EXERCISE OBJECTIVE ▸ Exactly reproduce all the records, keeping pictures out of the copy.

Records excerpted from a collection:
•••••
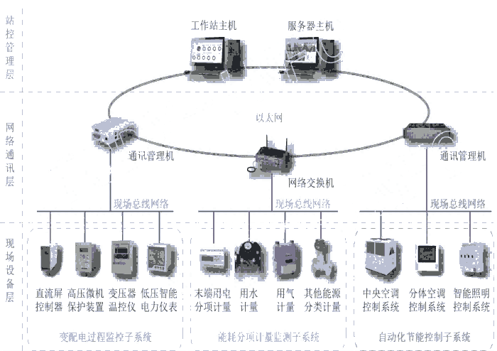 随着经济社会的发展,建筑楼宇、工业企业的能源消耗在其运营成本支出中均占了较大比重,如果企业缺乏科学的能源管理方案,势必牵绊企业的快速发展,建立对该楼宇或企业能源供应和消耗过程的全方位监控体系,对于企业实现开源节流起着关键的作用。变配电所综合自动化监控系统采用三层分布式结构,包括现场设备层、网络通讯层和站控管理层。
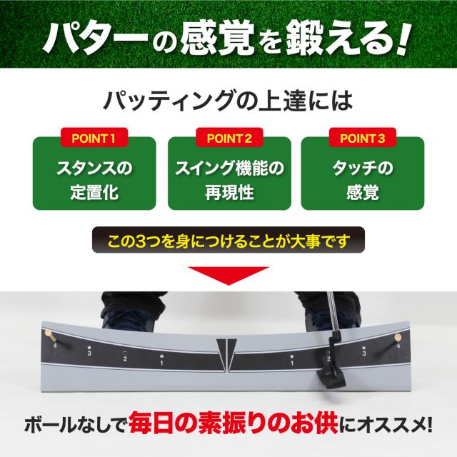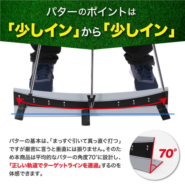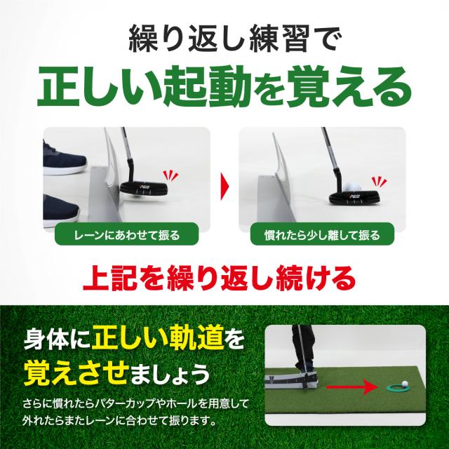 【正しいパッティングフォームを身に着ける】パターのヒール部分をレールに沿わせて打つだけで、正しいストロークはもちろん、正しいパッティングフォームが身に付き継続的なパター練習ができます。
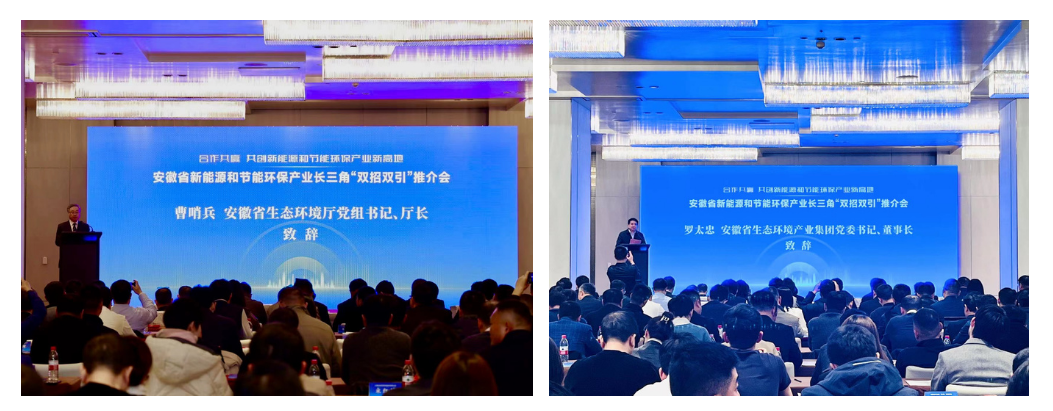 曹哨兵在致辭時指出,近年來,安徽省委、省政府緊緊圍繞打造新興產(chǎn)業(yè)聚集地的目標(biāo),大力推動十大新興產(chǎn)業(yè)聚鏈成群、集群成勢,建立了十大新興產(chǎn)業(yè)省級專班推進(jìn)機制,堅持把“雙招雙引”作為產(chǎn)業(yè)發(fā)展新打法,在更大市場空間集聚資源。安徽省生態(tài)環(huán)境廳作為新能源和節(jié)能環(huán)保產(chǎn)業(yè)專班牽頭單位,聚焦新能源、高效節(jié)能、先進(jìn)環(huán)保、資源循環(huán)利用、碳中和五大領(lǐng)域,不斷優(yōu)化營商環(huán)境、完善涉企服務(wù)、加強要素保障,產(chǎn)業(yè)發(fā)展勢頭強勁。
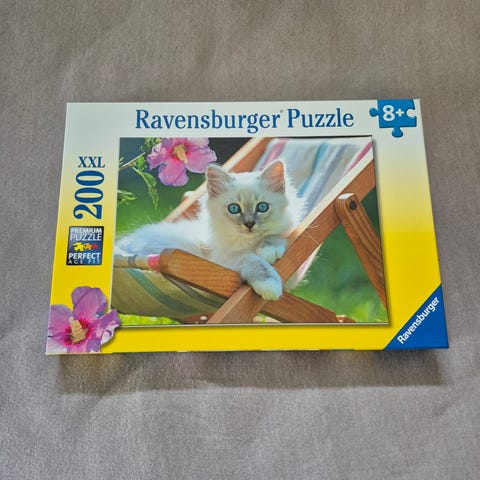 Ravensburger XXL puslespill med motiv av jungeldyr som løver, tigre og leoparder. Puslespillet består av 200 ekstra store brikker og er anbefalt for barn fra 8 år og oppover. Motiv og brikkestørrelse er tilpasset barn i skolealder, og ferdig puslet gir det et fargerikt bilde av ville kattedyr i naturen.
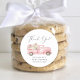 An elegant baby girl shower sticker with "Thank You" in a stylish script with a heart swash, watercolors of a pink vintage truck, pumpkins and floral bouquets and the name of the mother-to-be and shower date in elegant typography.
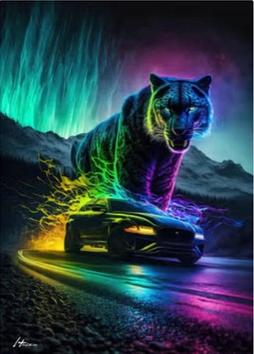 Diamentowa Mozaika Haft Tygrys I Auto Na Tle Zorzy 30x40cm
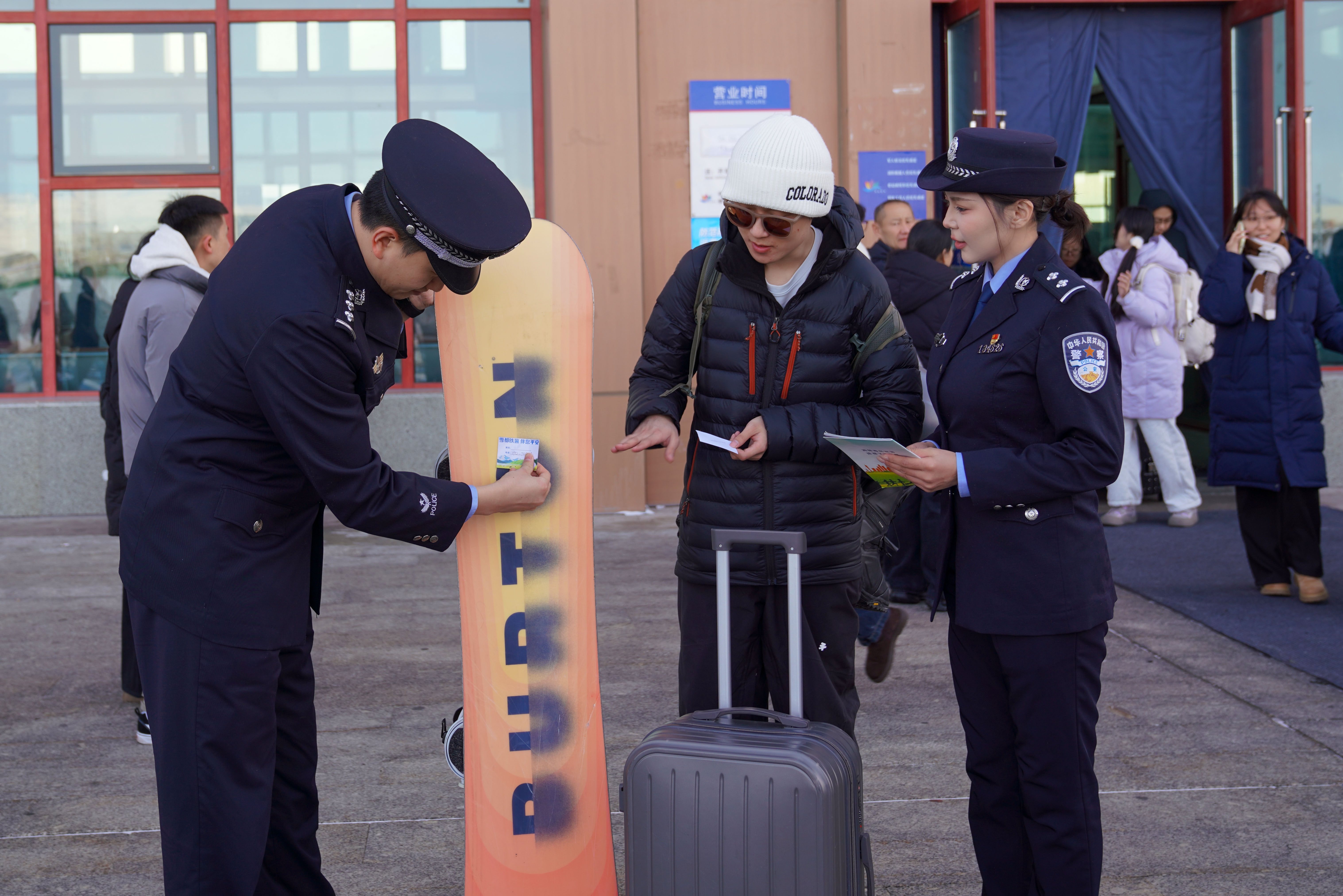 民警为旅客讲解出行安全提示,并在旅客雪具上粘贴安全提示卡警民联系贴。通讯员 张艳军摄
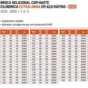 Broca Haste Paralela Extralonga - Med. 10mm x 450mm - Acabamento Oxidado, SEM. 1869 - Aço Rápido (HSS) - Ref. 90,0033 - ROCAST
•••••
TASK OUTPUT ▸
 随着经济社会的发展,建筑楼宇、工业企业的能源消耗在其运营成本支出中均占了较大比重,如果企业缺乏科学的能源管理方案,势必牵绊企业的快速发展,建立对该楼宇或企业能源供应和消耗过程的全方位监控体系,对于企业实现开源节流起着关键的作用。变配电所综合自动化监控系统采用三层分布式结构,包括现场设备层、网络通讯层和站控管理层。
 【正しいパッティングフォームを身に着ける】パターのヒール部分をレールに沿わせて打つだけで、正しいストロークはもちろん、正しいパッティングフォームが身に付き継続的なパター練習ができます。
 曹哨兵在致辭時指出,近年來,安徽省委、省政府緊緊圍繞打造新興產(chǎn)業(yè)聚集地的目標(biāo),大力推動十大新興產(chǎn)業(yè)聚鏈成群、集群成勢,建立了十大新興產(chǎn)業(yè)省級專班推進(jìn)機制,堅持把“雙招雙引”作為產(chǎn)業(yè)發(fā)展新打法,在更大市場空間集聚資源。安徽省生態(tài)環(huán)境廳作為新能源和節(jié)能環(huán)保產(chǎn)業(yè)專班牽頭單位,聚焦新能源、高效節(jié)能、先進(jìn)環(huán)保、資源循環(huán)利用、碳中和五大領(lǐng)域,不斷優(yōu)化營商環(huán)境、完善涉企服務(wù)、加強要素保障,產(chǎn)業(yè)發(fā)展勢頭強勁。
 Ravensburger XXL puslespill med motiv av jungeldyr som løver, tigre og leoparder. Puslespillet består av 200 ekstra store brikker og er anbefalt for barn fra 8 år og oppover. Motiv og brikkestørrelse er tilpasset barn i skolealder, og ferdig puslet gir det et fargerikt bilde av ville kattedyr i naturen.
 An elegant baby girl shower sticker with "Thank You" in a stylish script with a heart swash, watercolors of a pink vintage truck, pumpkins and floral bouquets and the name of the mother-to-be and shower date in elegant typography.
 Diamentowa Mozaika Haft Tygrys I Auto Na Tle Zorzy 30x40cm
 民警为旅客讲解出行安全提示,并在旅客雪具上粘贴安全提示卡警民联系贴。通讯员 张艳军摄
 Broca Haste Paralela Extralonga - Med. 10mm x 450mm - Acabamento Oxidado, SEM. 1869 - Aço Rápido (HSS) - Ref. 90,0033 - ROCAST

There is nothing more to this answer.